[Provided material — start]

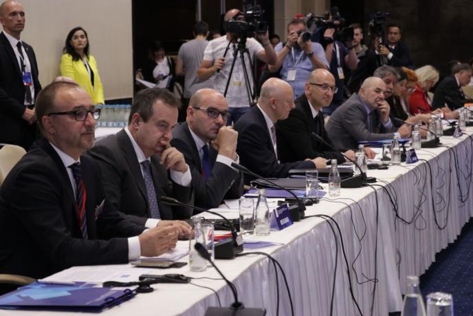Dačić je ponovio i da ne razume razloge za nedolazak prištinske delegacije na skup jer su uslovi njihovog učešća definisani Sporazumom iz 2012, uz zvezdicu i funsnotu, budući da statusno pitanje Kosova i Metohije još nije rešeno.
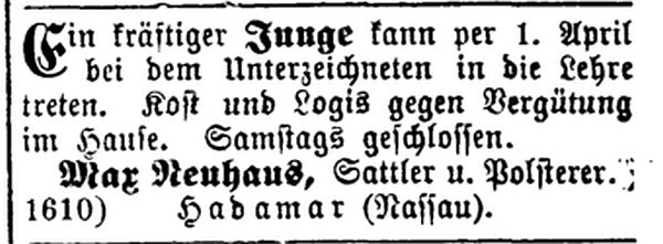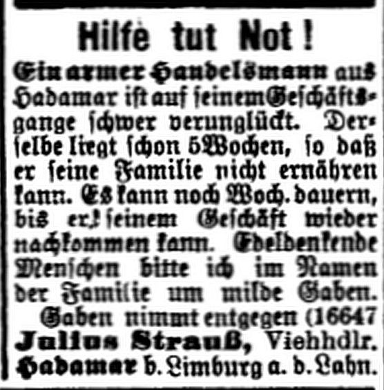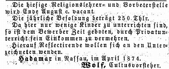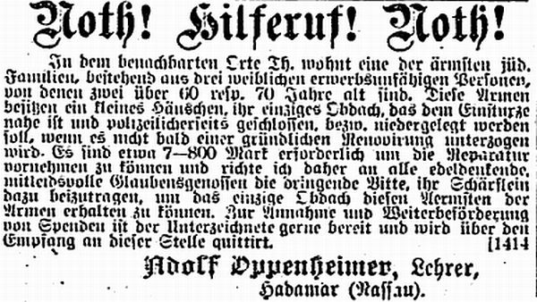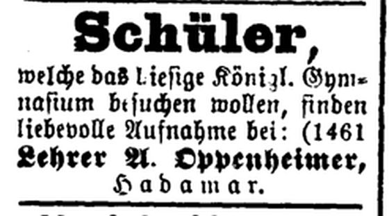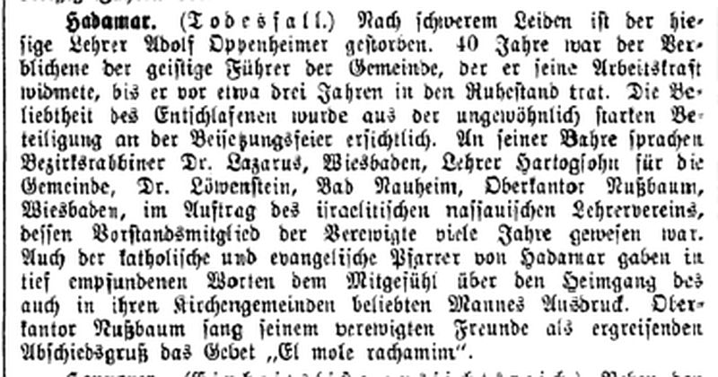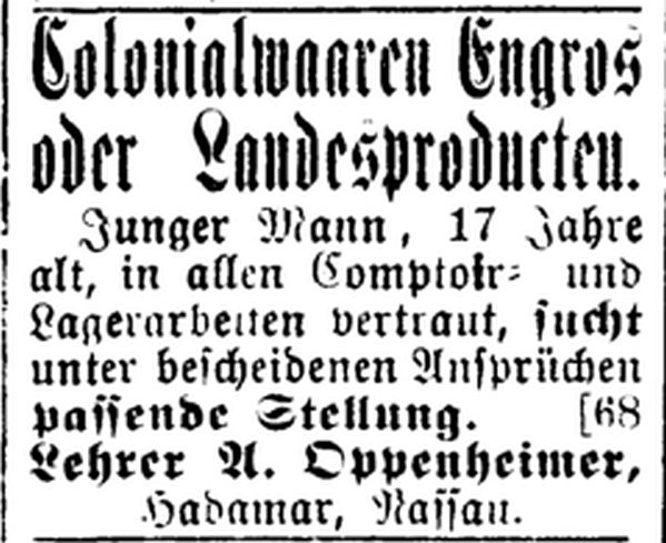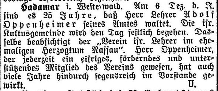 Um 1881 amtierte Lehrer Ostermann in Hadamar. Seit Dezember 1883 war Adolf Oppenheimer Lehrer in der Gemeinde: er
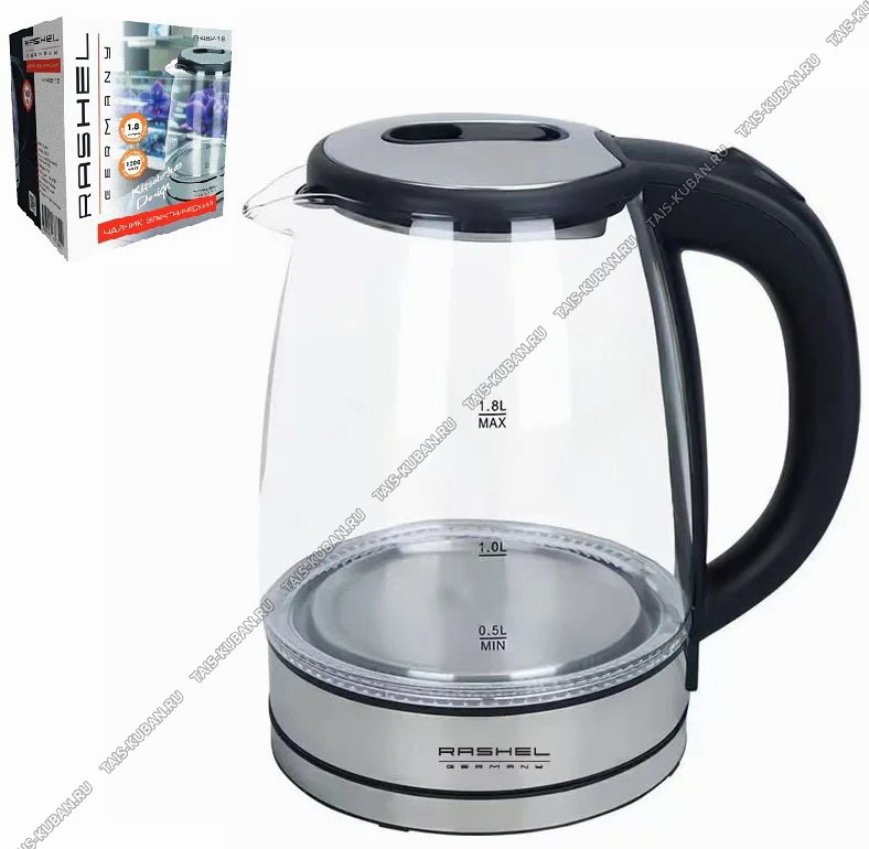 Чайник стекло 1,8л 1500Вт. диск,автоотключение, LED подсветка, вращающийся корпус на 360°,защ.б/воды (6)
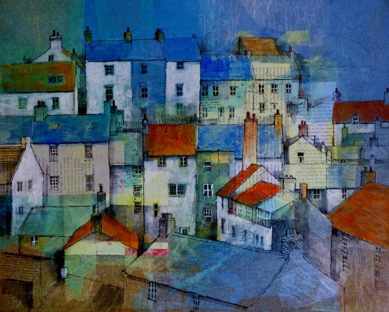 Collage with acrylic on canvas board inspired by the random house pattern.

[Provided material — finish]

The lines above should be transcribed exactly, with every image removed.

_Answer space_
Dačić je ponovio i da ne razume razloge za nedolazak prištinske delegacije na skup jer su uslovi njihovog učešća definisani Sporazumom iz 2012, uz zvezdicu i funsnotu, budući da statusno pitanje Kosova i Metohije još nije rešeno.
 Um 1881 amtierte Lehrer Ostermann in Hadamar. Seit Dezember 1883 war Adolf Oppenheimer Lehrer in der Gemeinde: er
 Чайник стекло 1,8л 1500Вт. диск,автоотключение, LED подсветка, вращающийся корпус на 360°,защ.б/воды (6)
 Collage with acrylic on canvas board inspired by the random house pattern.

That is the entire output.